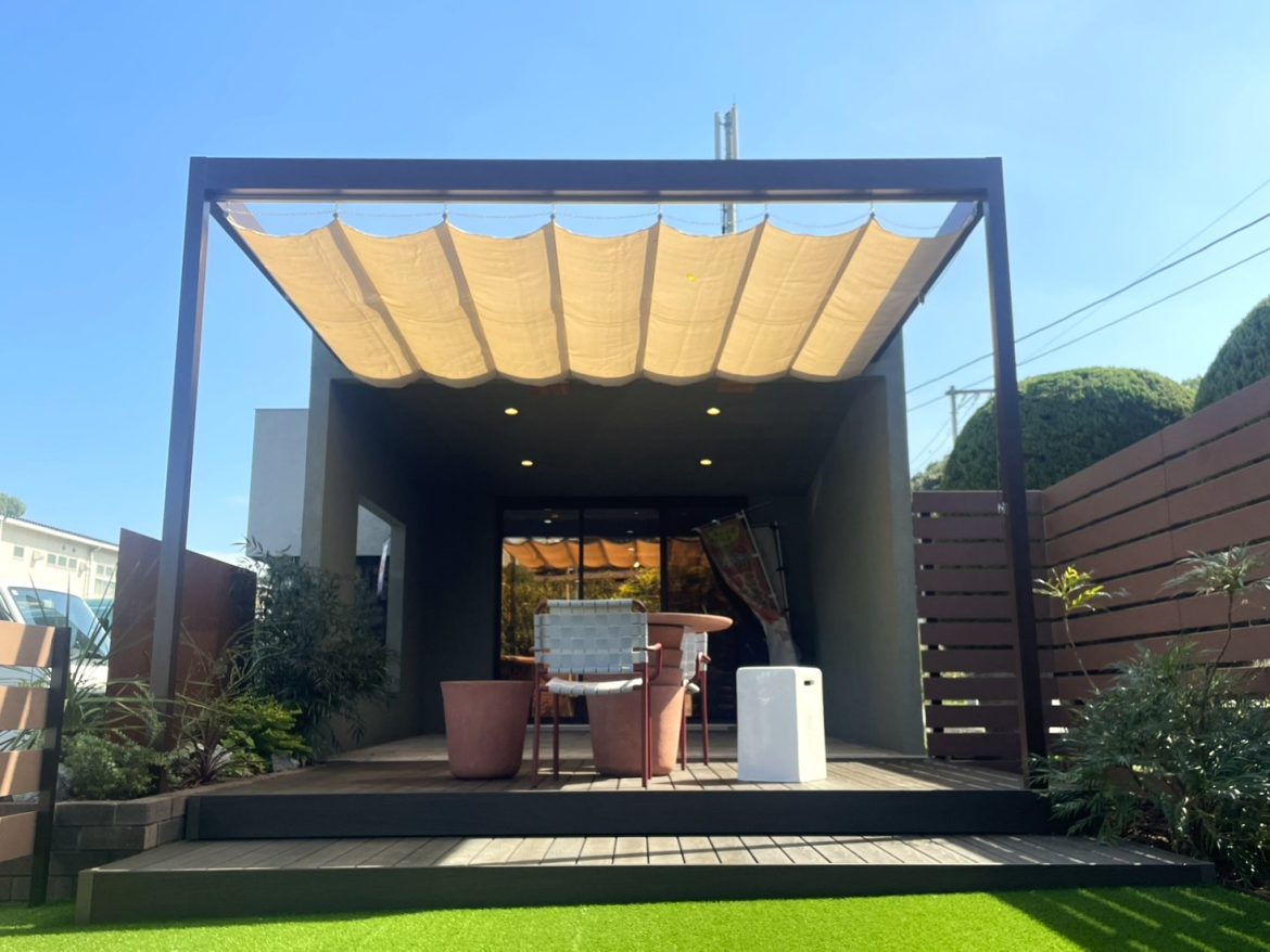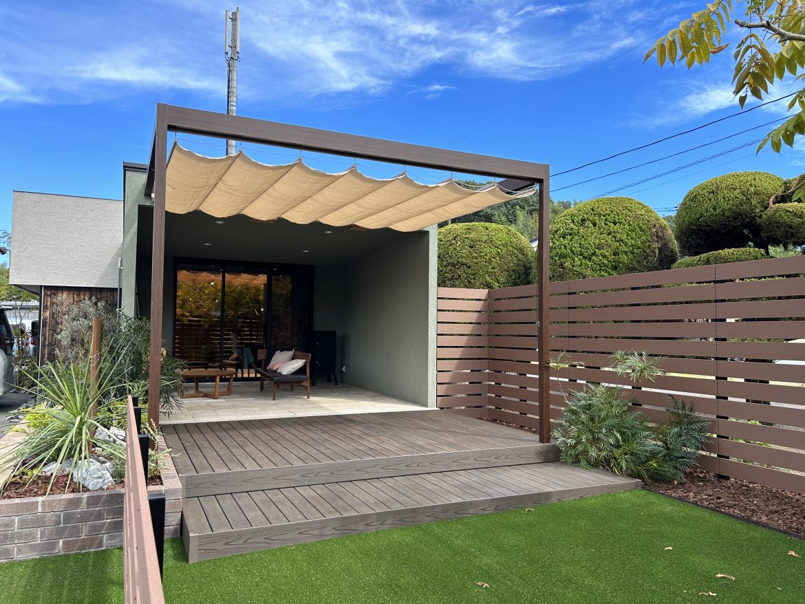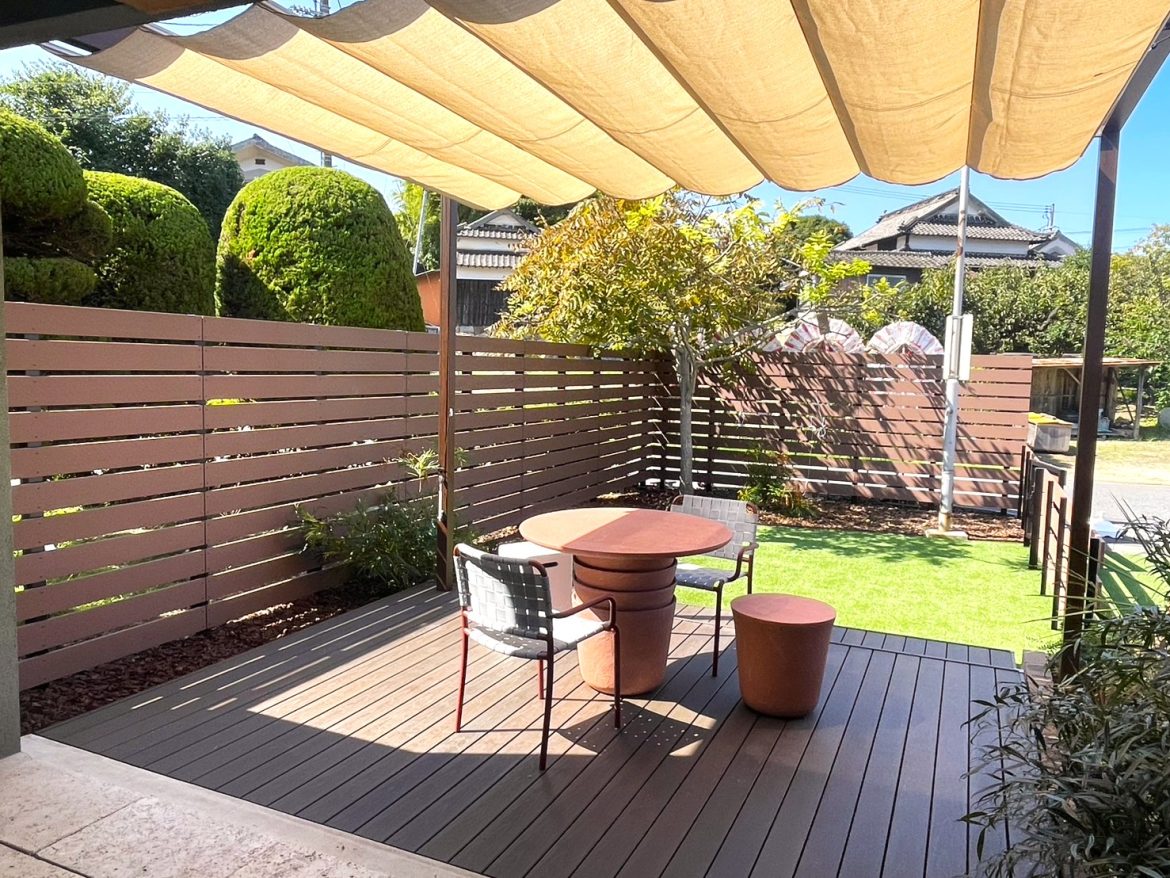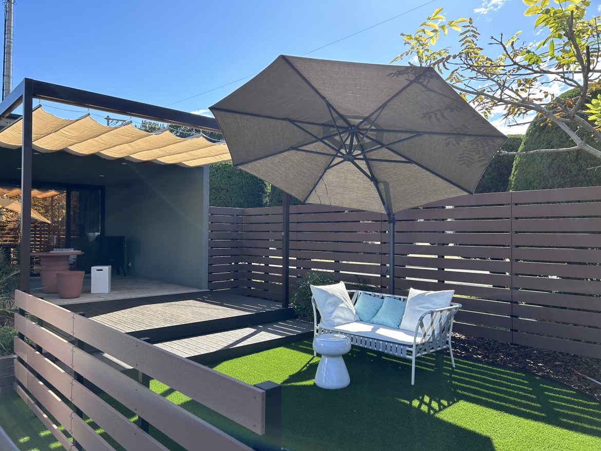 シェードや日除けのパラソルも設置し、快適に過ごせる空間が完成しました(^^)
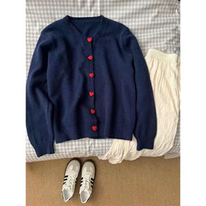 灰色の愛のボタンのセーターのコートの女性の秋の新型の高級感のゆったりした丸首のニットのカーディガンの上着
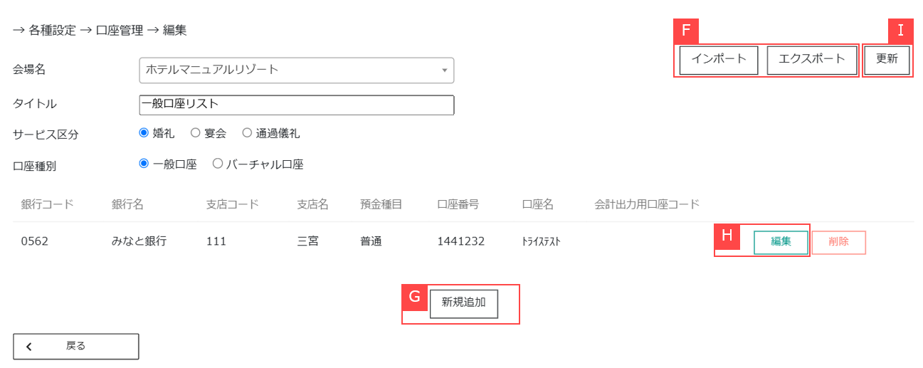 ⑩会場の口座情報を編集したら「更新」を押して設定を完了します。【I】
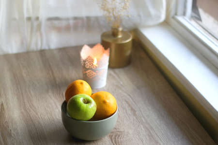 Bowl of lemons and apples, candle holder with lit candle and vase with gypsophila flowers on the table. Bokeh lights in the background. Selective focus.
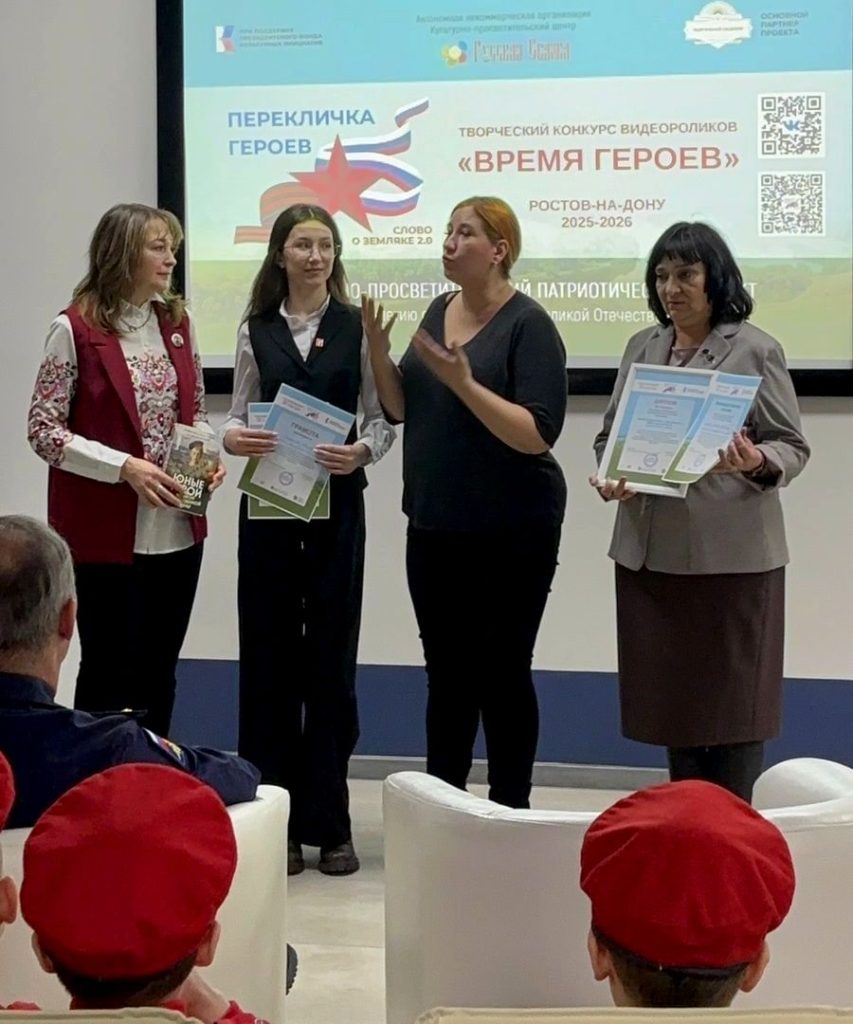 В Ростове-на-Дону подвели итоги масштабного творческого конкурса «Время героев», посвященного современному подвигу и патриотизму. В самой престижной номинации «Лучший видеоролик» победу одержала команда учащихся Гимназии №10 г. Гуково.
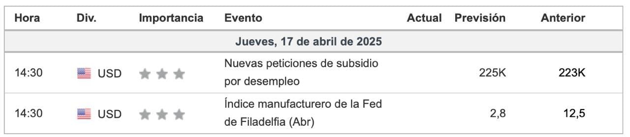 Este indicador mide la salud del sector manufacturero. Una caída importante, como la prevista frente al dato anterior (de 12,5 a 2,8), puede señalar desaceleración económica. Esto también puede interpretarse como un posible freno en las políticas monetarias restrictivas, lo que beneficiaría a los activos de riesgo como Bitcoin… aunque si la caída es muy fuerte, podría generar miedo general y provocar ventas.
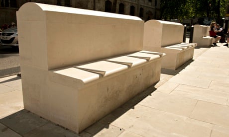 ▼倫敦:皇家法院外的長椅,沒辦法躺上去休息。

Work request: Please repeat the listing above word for word, with the pictures removed.

Answer to this exercise:
 シェードや日除けのパラソルも設置し、快適に過ごせる空間が完成しました(^^)
 灰色の愛のボタンのセーターのコートの女性の秋の新型の高級感のゆったりした丸首のニットのカーディガンの上着
 ⑩会場の口座情報を編集したら「更新」を押して設定を完了します。【I】
 Bowl of lemons and apples, candle holder with lit candle and vase with gypsophila flowers on the table. Bokeh lights in the background. Selective focus.
 В Ростове-на-Дону подвели итоги масштабного творческого конкурса «Время героев», посвященного современному подвигу и патриотизму. В самой престижной номинации «Лучший видеоролик» победу одержала команда учащихся Гимназии №10 г. Гуково.
 Este indicador mide la salud del sector manufacturero. Una caída importante, como la prevista frente al dato anterior (de 12,5 a 2,8), puede señalar desaceleración económica. Esto también puede interpretarse como un posible freno en las políticas monetarias restrictivas, lo que beneficiaría a los activos de riesgo como Bitcoin… aunque si la caída es muy fuerte, podría generar miedo general y provocar ventas.
 ▼倫敦:皇家法院外的長椅,沒辦法躺上去休息。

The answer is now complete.